Please reproduce the entries below exactly from the line holding "Хирургический инструмент с" through the last line, both included, and omit any pictures.

Stored records
::::::
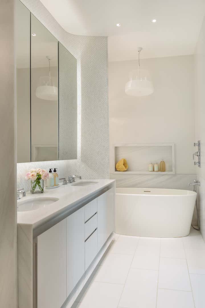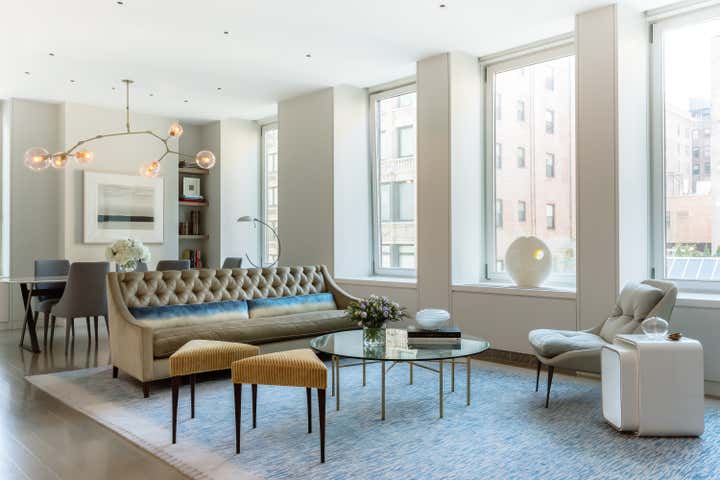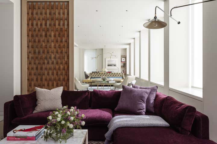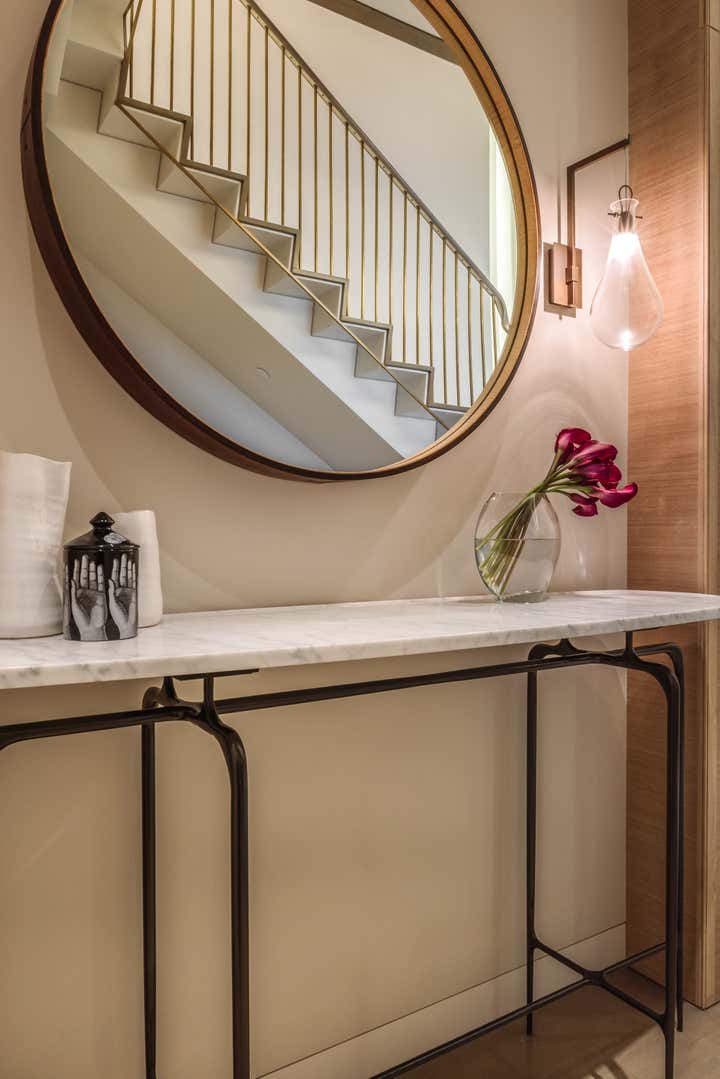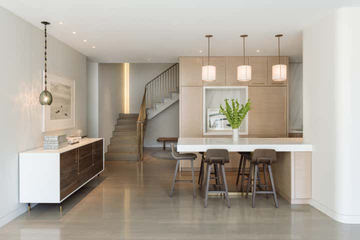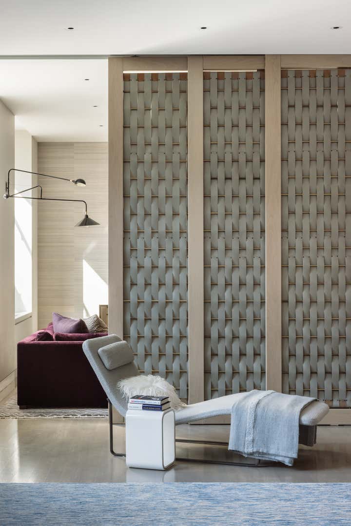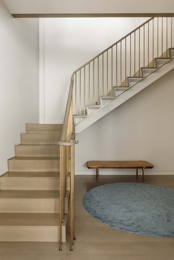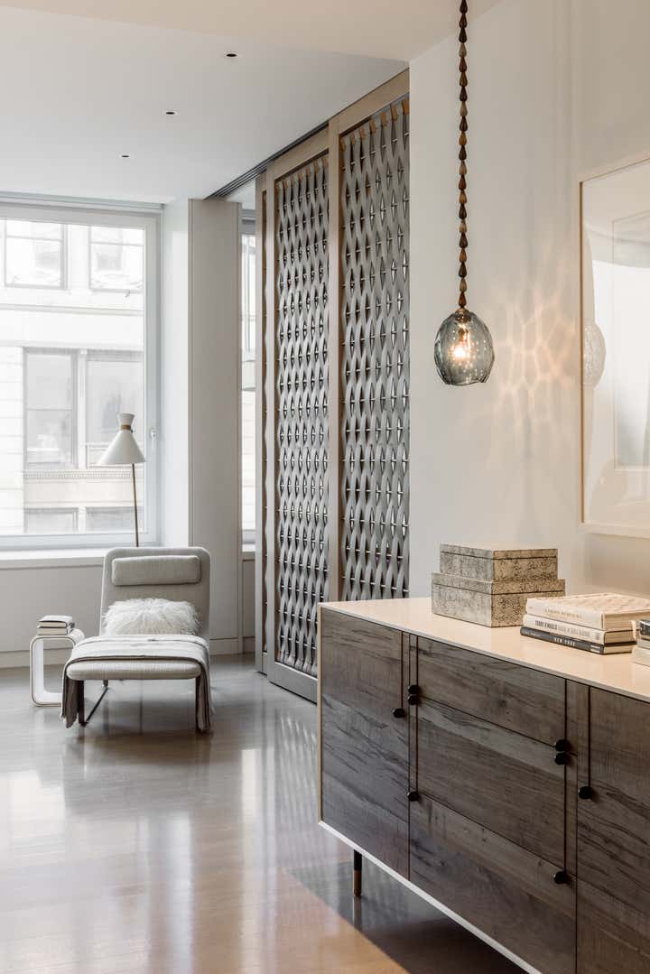 This classic loft building features the Flatiron Residence, features large windows and soaring ceiling heights. This was a perfect project for a young growing family who wanted to create a luminous, spacious home. They combined two floors and opted for a sun drenched, generous layout designed to maintain as much openness as possible throughout the residence. The overall feeling is fresh, contemporary and artisan. Their custom kitchen anchors the main floor’s loft space while the dining, living and family rooms flow together. The rooms are separated only by a full height woven-leather sliding panel system. This was integrated to give the owners flexibility in open or closed doors depending on how they’re occupying the space on any given day. The stair’s sculptural bronze and white oak finishes quietly integrate the two floors, with cove lighting and an artisan glass chandelier illuminating the area.
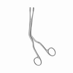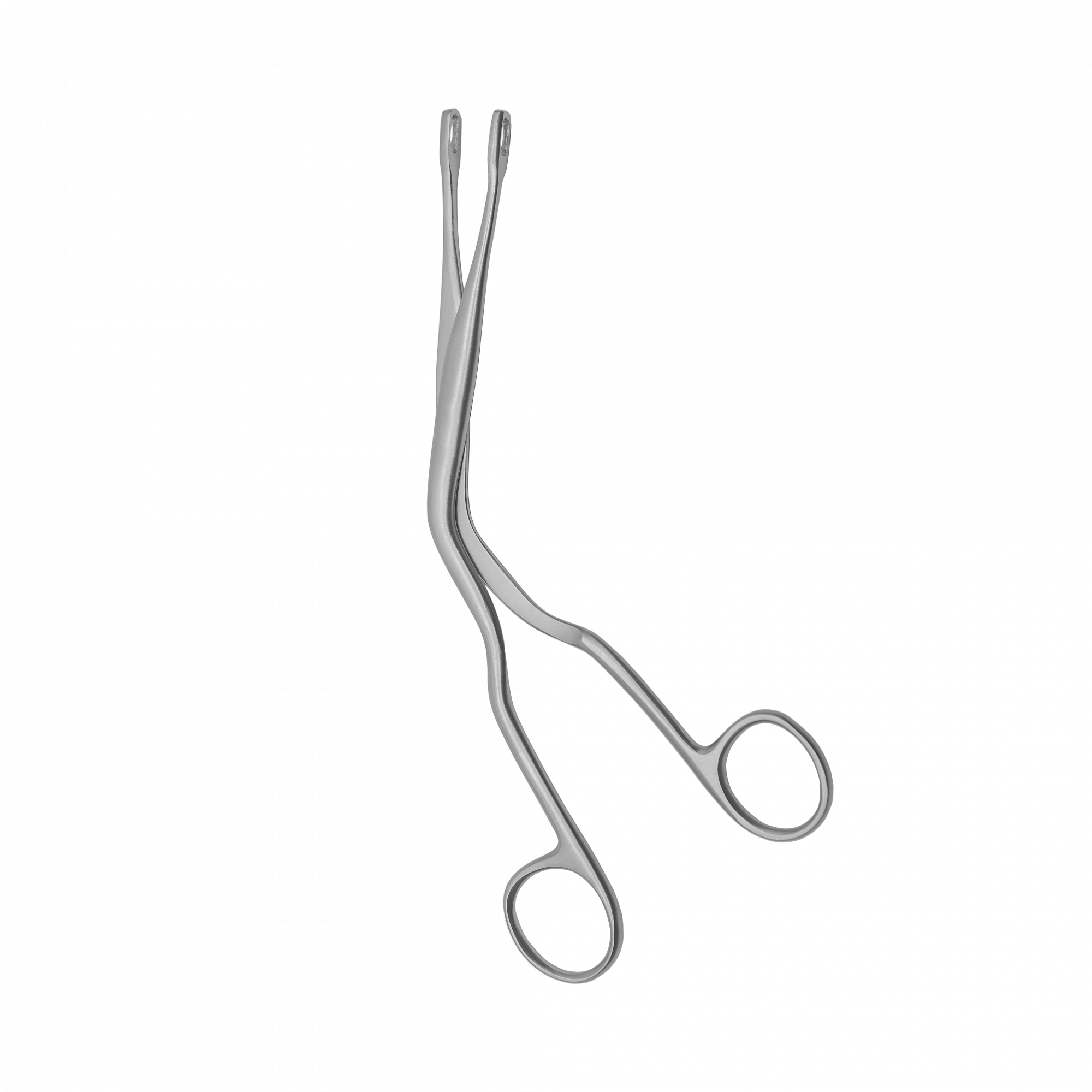 Хирургический инструмент с изогнутыми ручками. Рабочие части, которого представлены окончатыми губками.
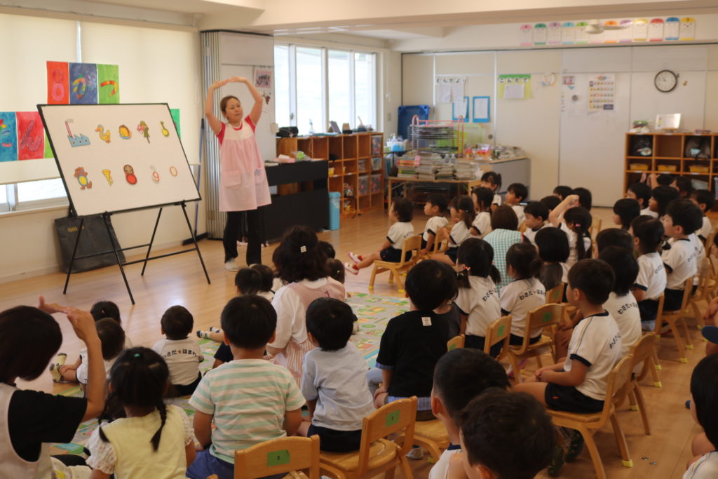 保育者からの出し物では“すうじのうた”“とんでったばなな”“スイミー”のパネルシアターを見ました。子どもたちの毎日歌っている歌で、口ずさみながらもパネルに集中して見入っていた子どもたちでした。
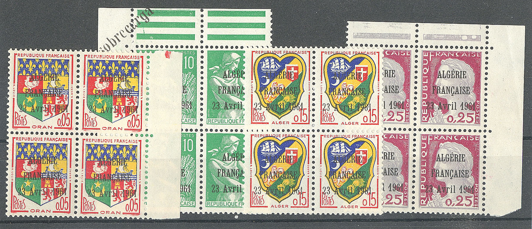 | ** | 1523 | ALGERIE. ** Surcharge "Algérie française 23 Avril 1961" pour le putsch d'Alger. Nos 1230A à 1232 et 1263, tous en bloc de quatre. - TB | 16 | - | 150€ | vendu 369€ | |
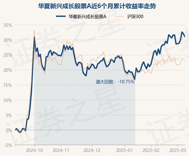 证券之星消息,3月10日,华夏新兴成长股票A最新单位净值为0.7752元,累计净值为0.7752元,较前一交易日下跌0.7%。历史数据显示该基金近1个月上涨3.66%,近3个月上涨6.57%,近6个月上涨31.03%,近1年上涨23.03%。该基金近6个月的累计收益率走势如下图:
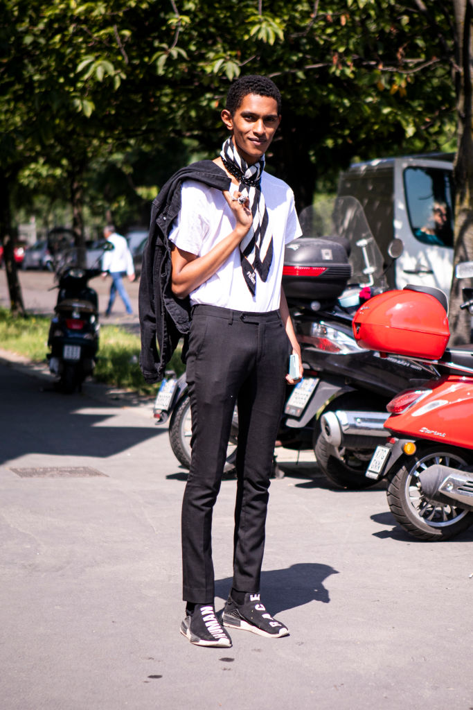 MILAN, ITALY - JUNE 17: A guest, wearing a white t-shirt, black trousers, black and white sneakers and black and white striped Fendi scarf, is seen outside Fendi show, during the Milan Men's Fashion Week Spring/Summer 2020 on June 17, 2019 in Milan, Italy. (Photo by Claudio Lavenia/Getty Images)
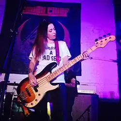 Along with the Amorosos, Crazy Chief, now defunct, included members of previous notable bands, prompting the press to refer to them as a local "super group".[35] Singer Drew Johnson also fronts Mojo Rising, a Doors cover band, while drummer Dan Conway performed on tour with Warrant and rhythm guitarist Nick Thompson performed in Dirty Somethings, which became known as Red Feather shortly before disbanding.[36][37]
::::::
=== Response area ===
 Хирургический инструмент с изогнутыми ручками. Рабочие части, которого представлены окончатыми губками.
 保育者からの出し物では“すうじのうた”“とんでったばなな”“スイミー”のパネルシアターを見ました。子どもたちの毎日歌っている歌で、口ずさみながらもパネルに集中して見入っていた子どもたちでした。
 | ** | 1523 | ALGERIE. ** Surcharge "Algérie française 23 Avril 1961" pour le putsch d'Alger. Nos 1230A à 1232 et 1263, tous en bloc de quatre. - TB | 16 | - | 150€ | vendu 369€ | |
 证券之星消息,3月10日,华夏新兴成长股票A最新单位净值为0.7752元,累计净值为0.7752元,较前一交易日下跌0.7%。历史数据显示该基金近1个月上涨3.66%,近3个月上涨6.57%,近6个月上涨31.03%,近1年上涨23.03%。该基金近6个月的累计收益率走势如下图:
 MILAN, ITALY - JUNE 17: A guest, wearing a white t-shirt, black trousers, black and white sneakers and black and white striped Fendi scarf, is seen outside Fendi show, during the Milan Men's Fashion Week Spring/Summer 2020 on June 17, 2019 in Milan, Italy. (Photo by Claudio Lavenia/Getty Images)
 Along with the Amorosos, Crazy Chief, now defunct, included members of previous notable bands, prompting the press to refer to them as a local "super group".[35] Singer Drew Johnson also fronts Mojo Rising, a Doors cover band, while drummer Dan Conway performed on tour with Warrant and rhythm guitarist Nick Thompson performed in Dirty Somethings, which became known as Red Feather shortly before disbanding.[36][37]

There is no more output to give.